> [WHAT THE TASK REQUIRES] Set the listing down exactly; no pictures.

> [GIVEN DATA]
══════════════════════════════
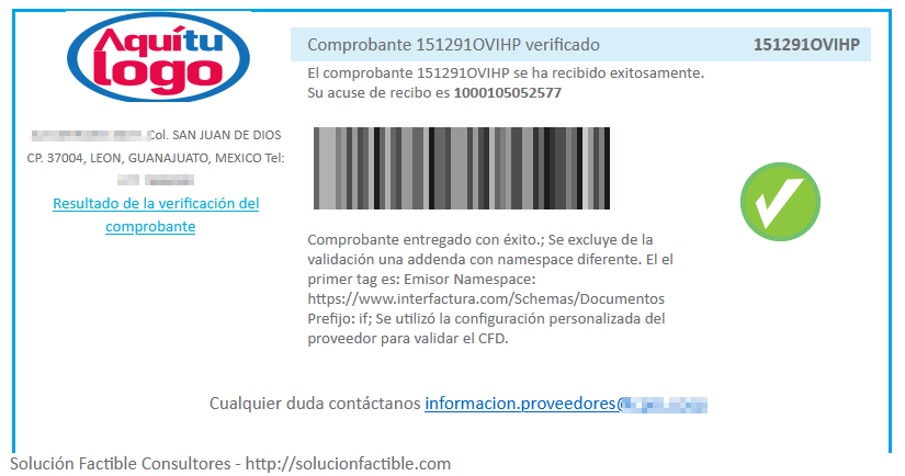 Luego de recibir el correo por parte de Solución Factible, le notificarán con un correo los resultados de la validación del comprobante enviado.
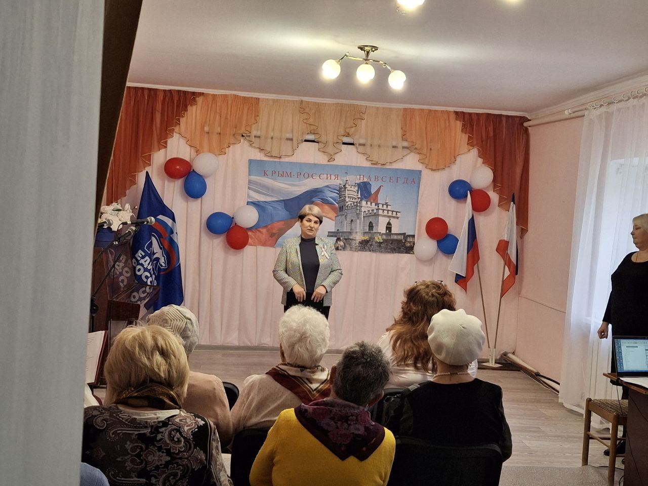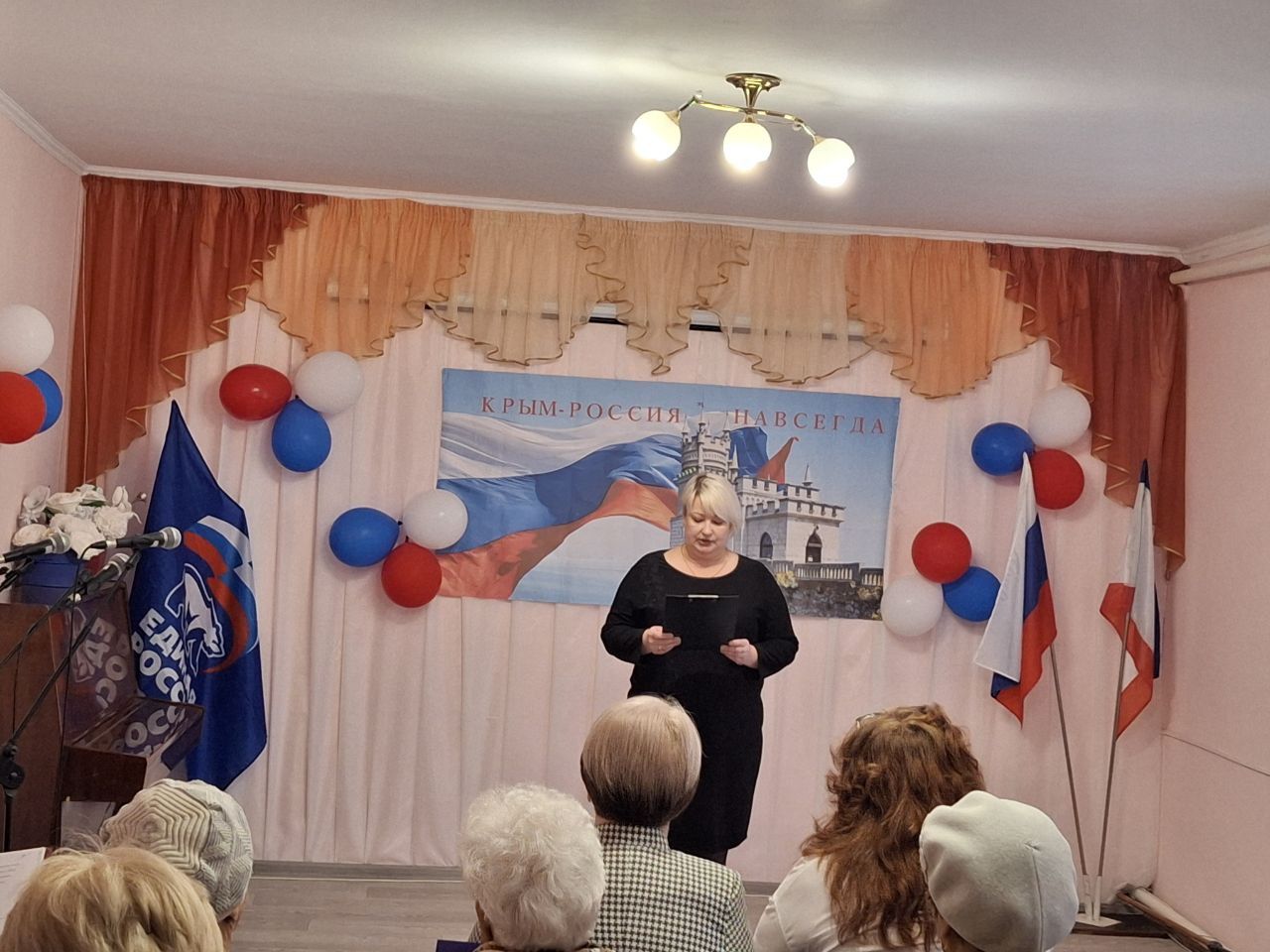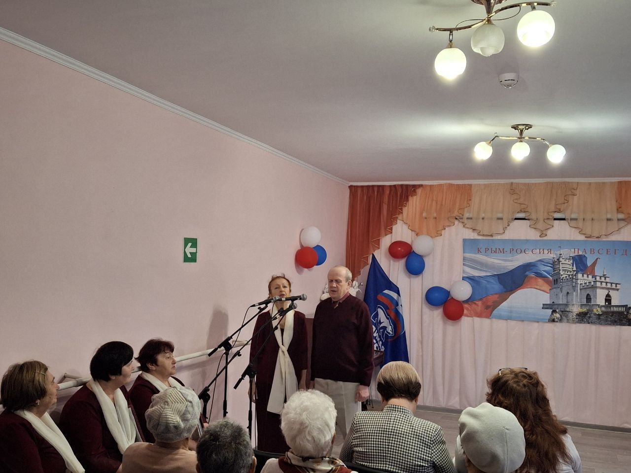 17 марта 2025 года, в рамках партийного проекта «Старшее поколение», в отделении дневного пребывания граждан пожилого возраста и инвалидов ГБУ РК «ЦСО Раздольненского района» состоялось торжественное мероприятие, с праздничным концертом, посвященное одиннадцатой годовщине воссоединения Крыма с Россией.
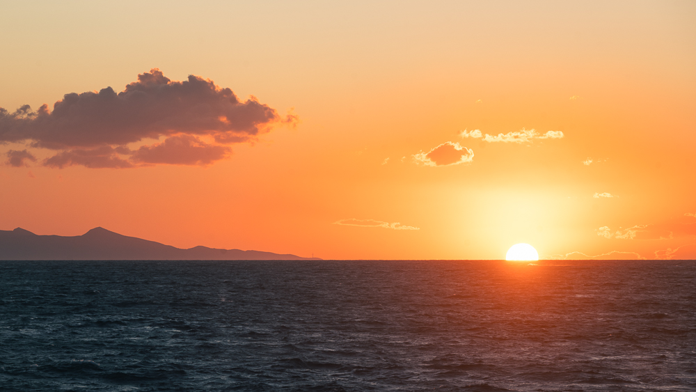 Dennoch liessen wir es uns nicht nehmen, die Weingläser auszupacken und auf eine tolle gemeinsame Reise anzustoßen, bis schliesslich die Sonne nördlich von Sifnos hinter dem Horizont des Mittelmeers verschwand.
══════════════════════════════
> [TASK OUTPUT]
 Luego de recibir el correo por parte de Solución Factible, le notificarán con un correo los resultados de la validación del comprobante enviado.
 17 марта 2025 года, в рамках партийного проекта «Старшее поколение», в отделении дневного пребывания граждан пожилого возраста и инвалидов ГБУ РК «ЦСО Раздольненского района» состоялось торжественное мероприятие, с праздничным концертом, посвященное одиннадцатой годовщине воссоединения Крыма с Россией.
 Dennoch liessen wir es uns nicht nehmen, die Weingläser auszupacken und auf eine tolle gemeinsame Reise anzustoßen, bis schliesslich die Sonne nördlich von Sifnos hinter dem Horizont des Mittelmeers verschwand.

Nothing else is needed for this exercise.